PROBLEM TO SOLVE: All of the data that follows is to be printed exactly, without pictures.

*** Opening of EXERCISE DATA ***

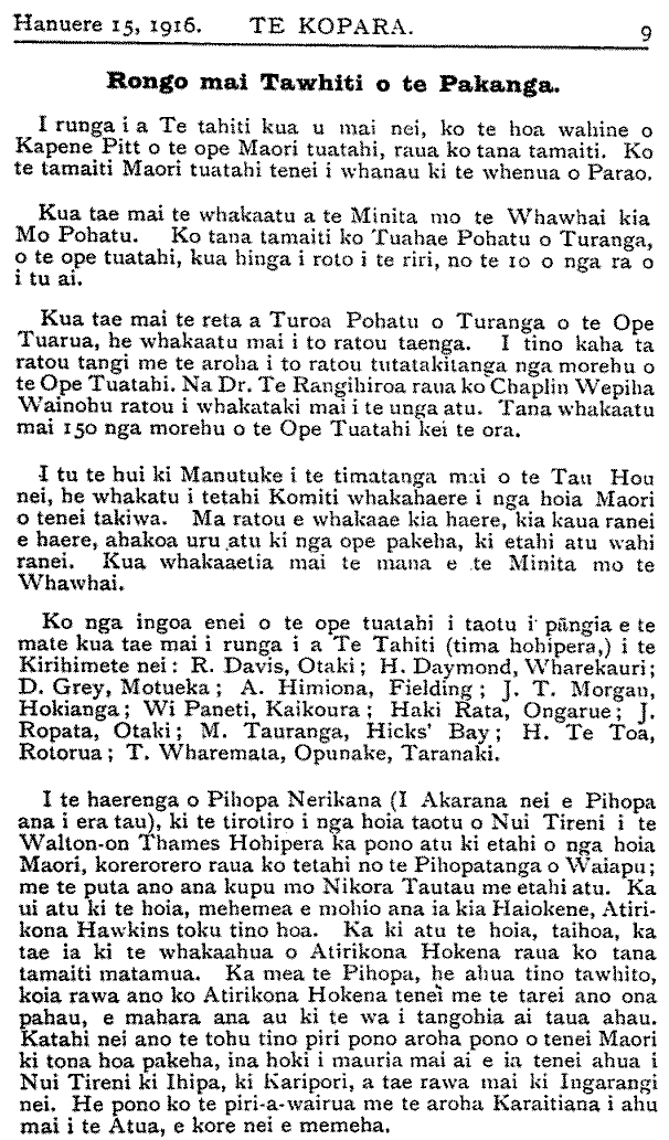 Rongo mai Tawhiti o te Pakanga. I runga i a Te tahiti kua u mai nei, ko te hoa wahine o Kapene Pitt o te ope Maori tuatahi, raua ko tana tamaiti. Ko te tamaiti Maori tuatahi tenei i whanau ki te whenua o Parao. Kua tae mai te whakaatu a te Minita mo te Whawhai kia Mo Pohatu. Ko tana tamaiti ko Tuahae Pohatu o Turanga, o te ope tuatahi, kua hinga i roto i te riri, no te ro o nga ra o i tu ai. Kua tae mai te reta a Turoa Pohatu o Turanga o te Ope Tuarua, he whakaatu mai i to ratou taenga. I tino kaha ta ratou tangi me te aroha i to ratou tutatakitanga nga morehu o te Ope Tuatahi. Na Dr. Te Rangihiroa raua ko Chaplin Wepiha Wainohu ratou i whakataki mai i te unga atu. Tana whakaatu mai 150 nga morehu o te Ope Tuatahi kei te ora. I tu te hui ki Manutuke i te timatanga mai o te Tau Hou nei, he whakatu i tetahi Komiti whakahaere i nga hoia Maori o tenei takiwa. Ma ratou e whakaae kia haere, kia kaua ranei e haere, ahakoa uru atu ki nga ope pakeha, ki etahi atu wahi ranei. Kua whakaaetia mai te mana e te Minita mo te Whawhai. Ko nga ingoa enei o te ope tuatahi i taotu i pangia e te mate kua tae mai i runga i a Te Tahiti (tima hohipera,) i te Kirihimete nei: R. Davis, Otaki; H. Daymond, Wharekauri; D. Grey, Motueka; A. Himiona, Fielding; J. T. Morgan Hokianga; Wi Paneti, Kaikoura; Haki Rata, Ongarue, J. Ropata, Otaki; M. Tauranga, Hicks' Bay, H. Te Toa, Rotorua; T. Wharemata, Opunake, Taranaki. I te haerenga o Pihopa Nerikana (I Akarana nei e Pihopa ana i era tau), ki te tirotiro i nga hoia taotu o Nui Tireni i te Walton on Thames Hohipera ka pono atu ki etahi o nga hoia Maori, korerorero raua ko tetahi no te Pihopatanga o Waiapu me te puta ano ana kupu mo Nikora Tautau me etahi atu. Ka ui atu ki te hoia, mehemea e mohio ana ia kia Haiokene, Atirikona Hawkins toku tino hoa. Ka ki atu te hoia, taihoa, ka tae ia ki te whakaahua o Atirikona Hokena raua ko tana tamaiti matamua. Ka mea te Pihopa, he ahua tino tawhito, koia rawa ano ko Atirikona Hokena tenei me te tarei ano ona pahau, e mahara ana au ki te wa i tangohia ai taua ahau. Katahi nei ano te tohu tino piri pono aroha pono o tenei Maori ki tona hoa pakeha, ina hoki i mauria mai ai e ia tenei ahua i Nui Tireni ki Ihipa, ki Karipori, a tae rawa mai ki Ingarangi nei. He pono ko te piri-a-wairua me te aroha Karaitiana i ahu mai i te Atua, e kore nei e memeha.
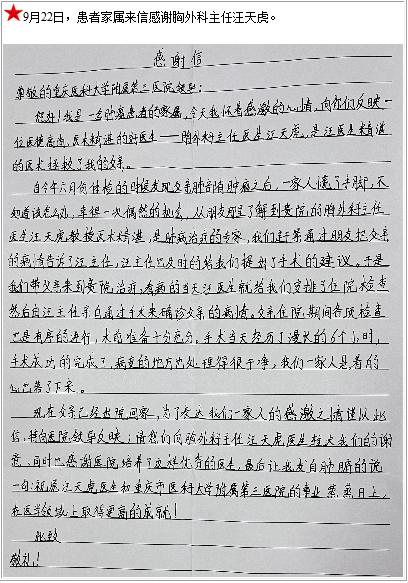 患者家属的感谢信-感谢信-患者心声-患者服务-重庆医科大学附属第三医院【官方网站】
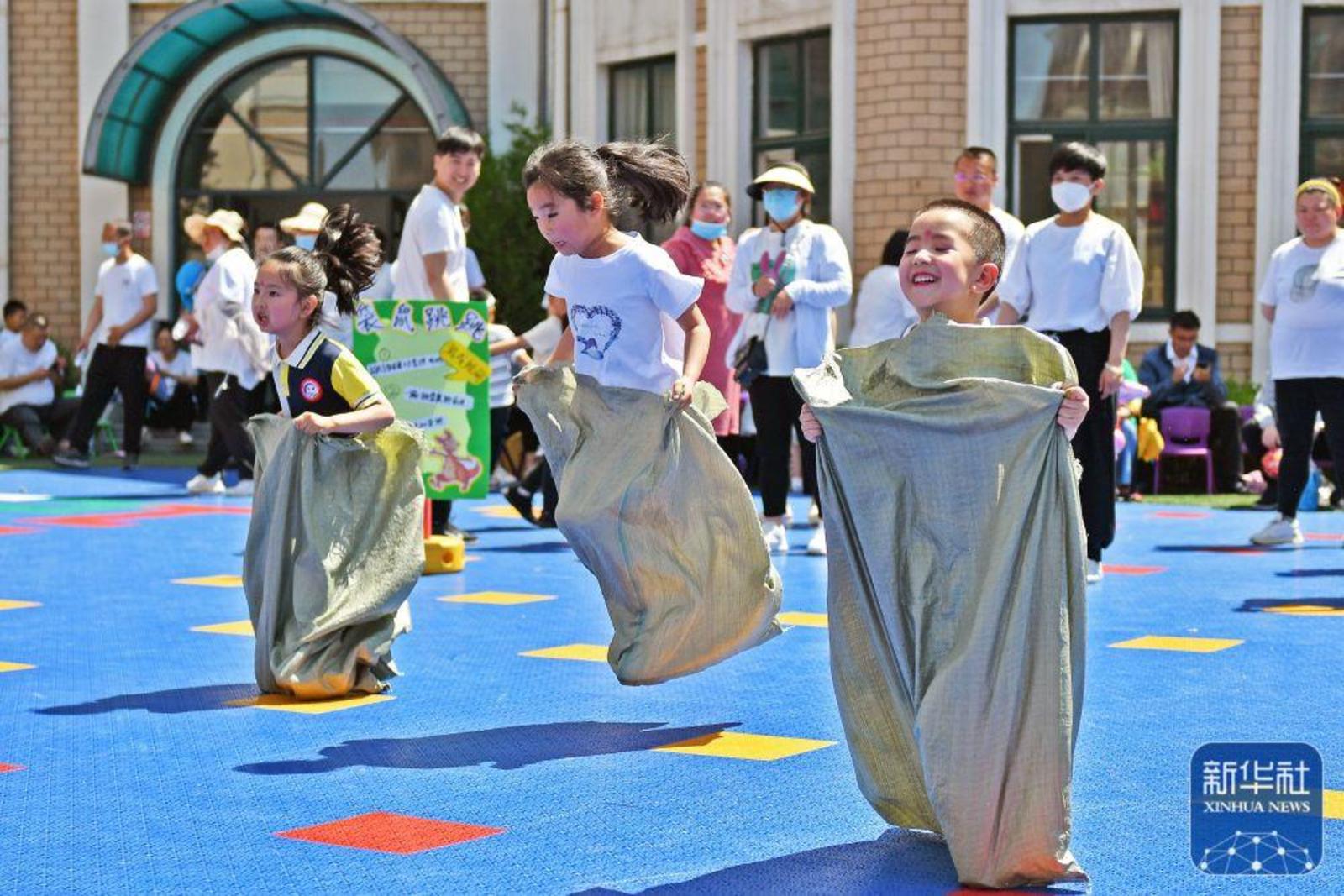 5月31日,山东省烟台市福山区清洋街道中心幼儿园的小朋友参加“袋鼠跳跳”趣味游戏。新华社发(孙文潭 摄)

*** Close of EXERCISE DATA ***

OUTPUT:
 Rongo mai Tawhiti o te Pakanga. I runga i a Te tahiti kua u mai nei, ko te hoa wahine o Kapene Pitt o te ope Maori tuatahi, raua ko tana tamaiti. Ko te tamaiti Maori tuatahi tenei i whanau ki te whenua o Parao. Kua tae mai te whakaatu a te Minita mo te Whawhai kia Mo Pohatu. Ko tana tamaiti ko Tuahae Pohatu o Turanga, o te ope tuatahi, kua hinga i roto i te riri, no te ro o nga ra o i tu ai. Kua tae mai te reta a Turoa Pohatu o Turanga o te Ope Tuarua, he whakaatu mai i to ratou taenga. I tino kaha ta ratou tangi me te aroha i to ratou tutatakitanga nga morehu o te Ope Tuatahi. Na Dr. Te Rangihiroa raua ko Chaplin Wepiha Wainohu ratou i whakataki mai i te unga atu. Tana whakaatu mai 150 nga morehu o te Ope Tuatahi kei te ora. I tu te hui ki Manutuke i te timatanga mai o te Tau Hou nei, he whakatu i tetahi Komiti whakahaere i nga hoia Maori o tenei takiwa. Ma ratou e whakaae kia haere, kia kaua ranei e haere, ahakoa uru atu ki nga ope pakeha, ki etahi atu wahi ranei. Kua whakaaetia mai te mana e te Minita mo te Whawhai. Ko nga ingoa enei o te ope tuatahi i taotu i pangia e te mate kua tae mai i runga i a Te Tahiti (tima hohipera,) i te Kirihimete nei: R. Davis, Otaki; H. Daymond, Wharekauri; D. Grey, Motueka; A. Himiona, Fielding; J. T. Morgan Hokianga; Wi Paneti, Kaikoura; Haki Rata, Ongarue, J. Ropata, Otaki; M. Tauranga, Hicks' Bay, H. Te Toa, Rotorua; T. Wharemata, Opunake, Taranaki. I te haerenga o Pihopa Nerikana (I Akarana nei e Pihopa ana i era tau), ki te tirotiro i nga hoia taotu o Nui Tireni i te Walton on Thames Hohipera ka pono atu ki etahi o nga hoia Maori, korerorero raua ko tetahi no te Pihopatanga o Waiapu me te puta ano ana kupu mo Nikora Tautau me etahi atu. Ka ui atu ki te hoia, mehemea e mohio ana ia kia Haiokene, Atirikona Hawkins toku tino hoa. Ka ki atu te hoia, taihoa, ka tae ia ki te whakaahua o Atirikona Hokena raua ko tana tamaiti matamua. Ka mea te Pihopa, he ahua tino tawhito, koia rawa ano ko Atirikona Hokena tenei me te tarei ano ona pahau, e mahara ana au ki te wa i tangohia ai taua ahau. Katahi nei ano te tohu tino piri pono aroha pono o tenei Maori ki tona hoa pakeha, ina hoki i mauria mai ai e ia tenei ahua i Nui Tireni ki Ihipa, ki Karipori, a tae rawa mai ki Ingarangi nei. He pono ko te piri-a-wairua me te aroha Karaitiana i ahu mai i te Atua, e kore nei e memeha.
 患者家属的感谢信-感谢信-患者心声-患者服务-重庆医科大学附属第三医院【官方网站】
 5月31日,山东省烟台市福山区清洋街道中心幼儿园的小朋友参加“袋鼠跳跳”趣味游戏。新华社发(孙文潭 摄)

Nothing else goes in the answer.